The sub-oxidized AZO layer 41b in certain example embodiments preferably has an absorption of 2-8% per 100 nm of thickness, and sometimes around 5.3% per 100 nm of thickness. The thickness of the sub-oxidized AZO layer 41b in certain example embodiments is 10-200 nm, more preferably 20-100 nm, and sometimes is preferably about 40 nm.
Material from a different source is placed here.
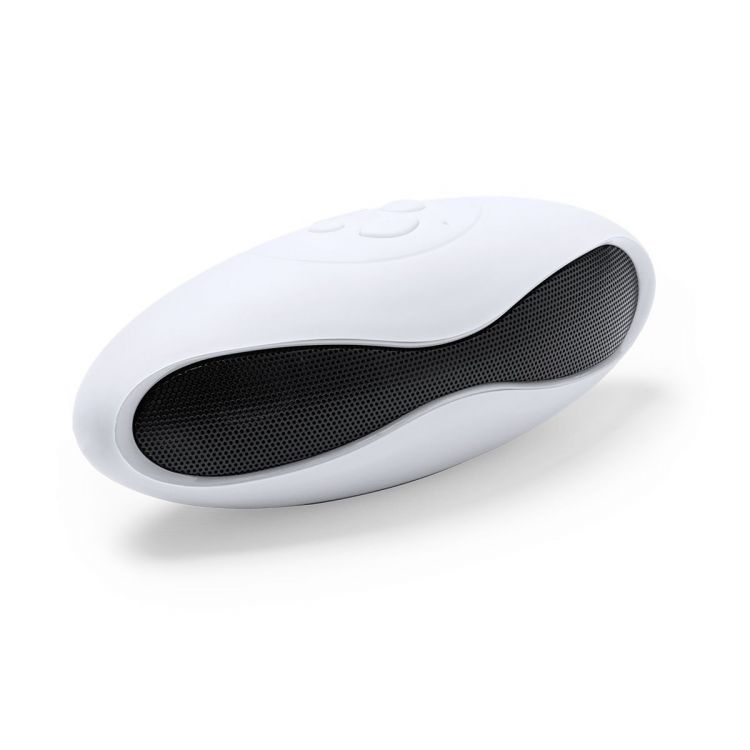 Altavoz de conexión Bluetooth. De atrevido diseño bicolor y suave acabado, con conexión Bluetooth 3.0, ofrece 3W de potencia, tiene función de manos libres, una ranura para tarjetas mini SD de hasta 32 GB de capacidad, función radio FM, entrada auxiliar de línea mediante conexión jack de 3,5mm y soportes de goma antideslizantes en la base. Compatible con iOS y Android, incluye cable de carga mini USB, cable auxiliar jack de 3,5mm y viene presentado en atractiva caja de diseño. (color blanco)

In certain example embodiments, the sub-oxidized AZO layer 41b may have optical constants n and k of 1.93 and 0.008, respectively, at 550 nm.


In certain example embodiments, rather than providing two separate AZO layers 31b and 31c, a single graded AZO layer (not shown) may be provided, such that the oxygen content is higher farther from the substrate 1 and lower closer to the substrate 1. In certain example embodiments, even when separate AZO layers 41b and 41c are provided, one or both of such layers may be graded, e.g., as described above.
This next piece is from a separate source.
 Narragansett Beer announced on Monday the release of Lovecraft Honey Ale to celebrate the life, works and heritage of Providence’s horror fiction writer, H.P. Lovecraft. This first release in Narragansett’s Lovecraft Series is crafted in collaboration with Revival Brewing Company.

Similar to the above, the sub-oxidized AZO layer 31b, provided as an insertion layer, may help serve as an etch stop and may help reduce the effects of the underlying ITO's crystallinity. Also, similar principles apply when a single, graded AZO layer is provided.
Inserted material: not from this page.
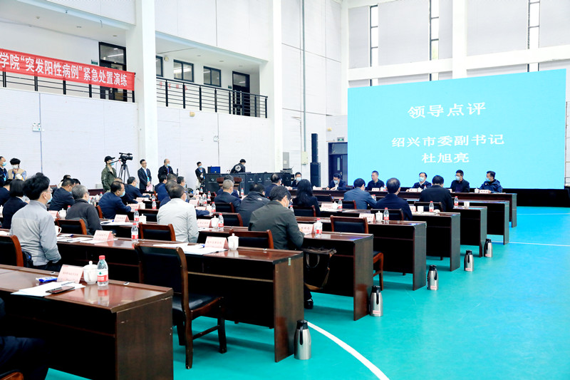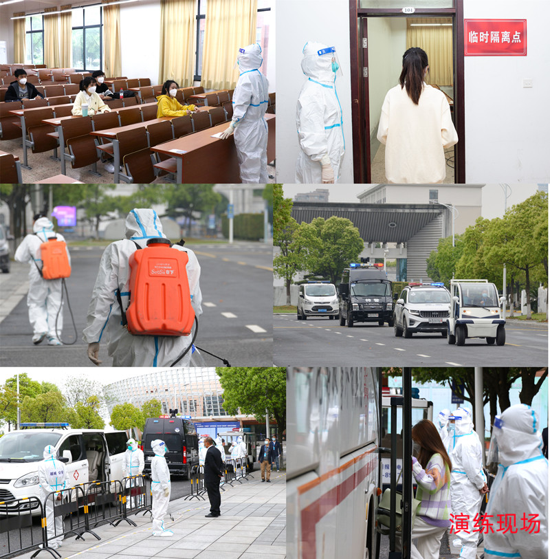 为切实做好在绍高校新冠肺炎疫情防控工作,加强师生疫情防控工作指导,全面提高突发疫情的应急处置能力,根据省、市教育主管部门及属地疫情防控要求,4月15日上午,在绍高校疫情防控应急演练在太阳举行。绍兴市委副书记、政法委书记杜旭亮,市委常委、副市长王涛,市级有关部门负责人,属地党委政府领导及有关部门负责人,校党委书记汪俊昌、校长王建力、党委副书记张宏、副校长黄坚及相关职能部门负责人,在绍高校分管负责人,院党委书记梁瑜、院长沈红卫等参加现场观摩。演练由沈红卫主持。

In certain example embodiments, an over-oxidized layer may be introduced adjacent to the sub-oxided insertion layer. For instance, in the FIG. 3 example embodiment, an over-oxidized ITO layer may be provided adjacent to the sub-oxided insertion layer 31b. Similarly, in the FIG. 4 example embodiment, an over-oxidized AZO layer may be provided adjacent to the sub-oxided insertion layer 41b. In certain example embodiments, the optional over-oxidized layer may be used as an internal source of oxygen during post-deposition baking. This may help “bake out” the optical absorption of the sub-oxided insertion layer after it has served its role in helping to form the AZO able to provide high haze. The optical absorption of such a layer may be from 1-3% (integrated over 400-700 nm wavelength range, for example) in certain example embodiments. The over-oxided layer may be about 20-100 nm thick, more preferably 40 nm thick, in certain example embodiments. In certain example embodiments, the over-oxided layer may be provided below the sub-oxided insertion layer. A temporary over-oxided layer also may be provided in embodiments where graded layers are used in accordance with certain example embodiments.


Third, the ITO may be ion-beam treated before providing the top AZO layer. The harsh ion beam treatment of this technique may be used to at least partially erode the upper portion of the ITO so that the AZO layer is not as affected by the ITO crystallinity. This illustrative arrangement is shown, for example, in FIG. 5. The FIG. 5 example embodiment includes a glass substrate 1, which supports a dielectric layer 2 and a multi-layer TCC 51. The multi-layer TCC includes an ITO layer 51a that has been ion-beam treated in the region 51b. The ion-beam treatment in the region 51b affects the crystallinity of at least a portion of the deposited ITO which, in turn, enables the AZO layer 51c to grow and form peaks and valleys as described above.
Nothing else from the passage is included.